**Excerpted data:**
--------------------------------

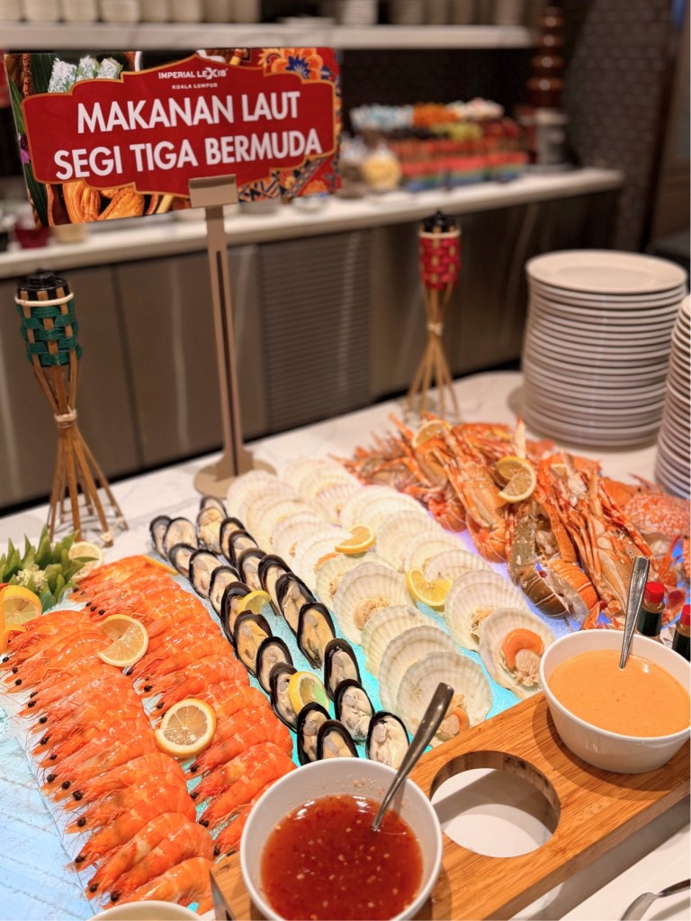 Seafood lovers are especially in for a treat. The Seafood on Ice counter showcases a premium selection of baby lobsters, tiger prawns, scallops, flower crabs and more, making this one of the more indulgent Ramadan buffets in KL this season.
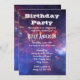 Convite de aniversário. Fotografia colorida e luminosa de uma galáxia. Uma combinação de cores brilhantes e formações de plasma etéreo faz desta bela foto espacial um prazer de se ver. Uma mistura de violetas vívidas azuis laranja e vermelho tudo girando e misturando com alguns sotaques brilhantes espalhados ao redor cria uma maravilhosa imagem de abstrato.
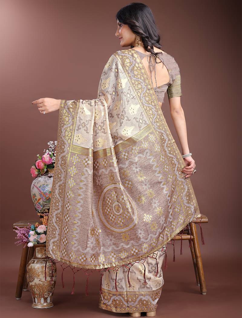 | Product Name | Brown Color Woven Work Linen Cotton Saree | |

--------------------------------

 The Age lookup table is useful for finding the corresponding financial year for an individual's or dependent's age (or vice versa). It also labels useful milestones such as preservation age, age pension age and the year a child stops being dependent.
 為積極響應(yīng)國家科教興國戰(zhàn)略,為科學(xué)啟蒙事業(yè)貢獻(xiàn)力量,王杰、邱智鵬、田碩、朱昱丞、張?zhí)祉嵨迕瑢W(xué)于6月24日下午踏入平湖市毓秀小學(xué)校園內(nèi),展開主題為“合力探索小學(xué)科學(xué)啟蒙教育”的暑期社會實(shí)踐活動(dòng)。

--------------------------------

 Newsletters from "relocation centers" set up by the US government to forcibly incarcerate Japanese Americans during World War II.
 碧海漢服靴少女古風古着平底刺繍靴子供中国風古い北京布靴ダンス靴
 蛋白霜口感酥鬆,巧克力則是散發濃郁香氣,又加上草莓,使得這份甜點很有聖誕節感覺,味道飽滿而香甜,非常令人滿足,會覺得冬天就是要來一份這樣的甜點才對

--------------------------------

**Task description:** In the listing above, find the line containing "Seafood lovers are" and the line containing "Cotton Saree | |", then print exactly those two lines and every line between them, minus the pictures.

**Answer to this exercise:**
 Seafood lovers are especially in for a treat. The Seafood on Ice counter showcases a premium selection of baby lobsters, tiger prawns, scallops, flower crabs and more, making this one of the more indulgent Ramadan buffets in KL this season.
 Convite de aniversário. Fotografia colorida e luminosa de uma galáxia. Uma combinação de cores brilhantes e formações de plasma etéreo faz desta bela foto espacial um prazer de se ver. Uma mistura de violetas vívidas azuis laranja e vermelho tudo girando e misturando com alguns sotaques brilhantes espalhados ao redor cria uma maravilhosa imagem de abstrato.
 | Product Name | Brown Color Woven Work Linen Cotton Saree | |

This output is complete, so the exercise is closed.